At this phase of the game a lot of people are pretty accustomed to the pace of technological innovation in this space, and I think it’s reasonable for people to have a sense of what will/won’t go away in a few versions. Some of Sora’s issues may just require more training, some of these issues are intrinsic to their approach and will not be solvable with their current method.
To that end, it is actually extremely important to nit-pick this stuff. For those of us using these tools, we need to be able to talk shop about which ones are keeping up, which are work like shit in practice, and which ones work but only in certain situations, and which situations those are.
Neural networks use smooth manifolds as their underlying inductive bias so in theory it should be possible to incorporate smooth kinematic and Hamiltonian constraints but I am certain no one at OpenAI actually understands enough of the theory to figure out how to do that.
I don't work there so I'm certain there is no one with enough knowledge to make it work with Hamiltonian constraints because the idea is very obvious but they haven't done it because they don't have the wherewithal to do so. In other words, no one at OpenAI understands enough basic physics to incorporate conservation principles into the generative network so that objects with random masses don't appear and disappear on the "video" manifold as it evolves in time.
I've seen the quality of OpenAI engineers on Twitter and it's easy enough to extrapolate. Moreoever, neural networks are not black boxes, you're just parroting whatever you've heard on social media. The underlying theory is very simple.
Seriously... The ability to identify what physics/math theories the AI should apply and being able to make the AI actually apply those are very different things. And you don't seem to understand that distinction.
Unless you have $500k to pay for the actual implementation of a Hamiltonian video generator then I don't think you're in a position to tell me what I know and don't know.
lolz, I doubt very much anyone would want to pay you $500k to perform magic. Basically, I think you are coming across as someone who is trying to sound clever rather than being clever.
My price is very cheap in terms of what it would enable and allow OpenAI to charge their customers.

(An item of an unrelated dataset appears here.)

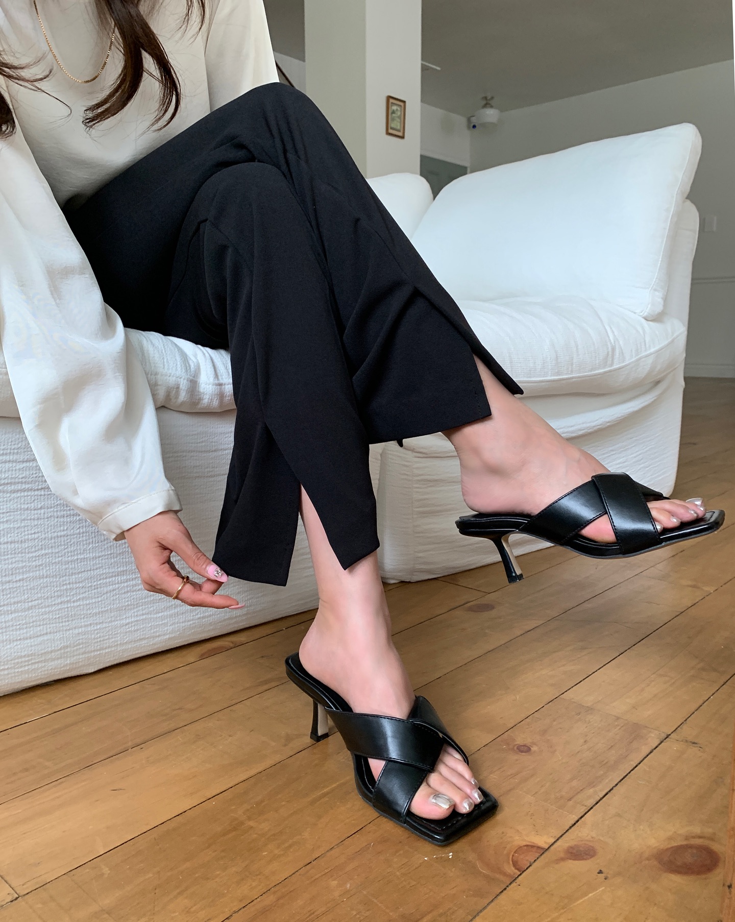 Sandal mule đặc biệt phù hợp với môi trường công sở sáng tạo hoặc những buổi gặp gỡ cần sự lịch sự vừa phải. Bạn có thể phối cùng quần âu lửng, áo sơ mi mỏng hoặc váy liền thân dáng suông. Sự kết hợp này mang lại hình ảnh hiện đại, tự tin mà không quá cầu kỳ.

Hamiltonian video generation with conservation principles which do not have phantom masses appearing and disappearing out of nowhere is a billion dollar industry so my asking price is basically giving away the entire industry for free.
Sure, but I imagine the reason you haven't started your own company to do it is you need 10s of millions in compute, so the price would be 500k + 10s of millions... Or you can't actually do it and are just talking shit on the internet.

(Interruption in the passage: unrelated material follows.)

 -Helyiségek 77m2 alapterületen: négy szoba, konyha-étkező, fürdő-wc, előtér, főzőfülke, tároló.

I don't think there is any real value in making videos other than useless entertainment. The real inspired use of computation and AI is to cure cancer, that would be the right way to show the world that this technology is worthwhile and useful. The techniques involved would be the same because one would need to include real physical constraints like conservation of mass and energy instead of figuring out the best way to flash lights on the screen with no regard for any foundational physical principles.
Do you know anyone or any companies working on that?
Especially anything involving fluid/smoke dynamics, or fast dynamic momements of humans and animals all suffer from the same weird motion artifacts. I can't describe it other than that the fluidity of the movements are completely off.
And as all genai video tools I've used are suffering from the same problem, I wonder if this is somehow inherent to the approach & somehow unsolvable with the current model architectures.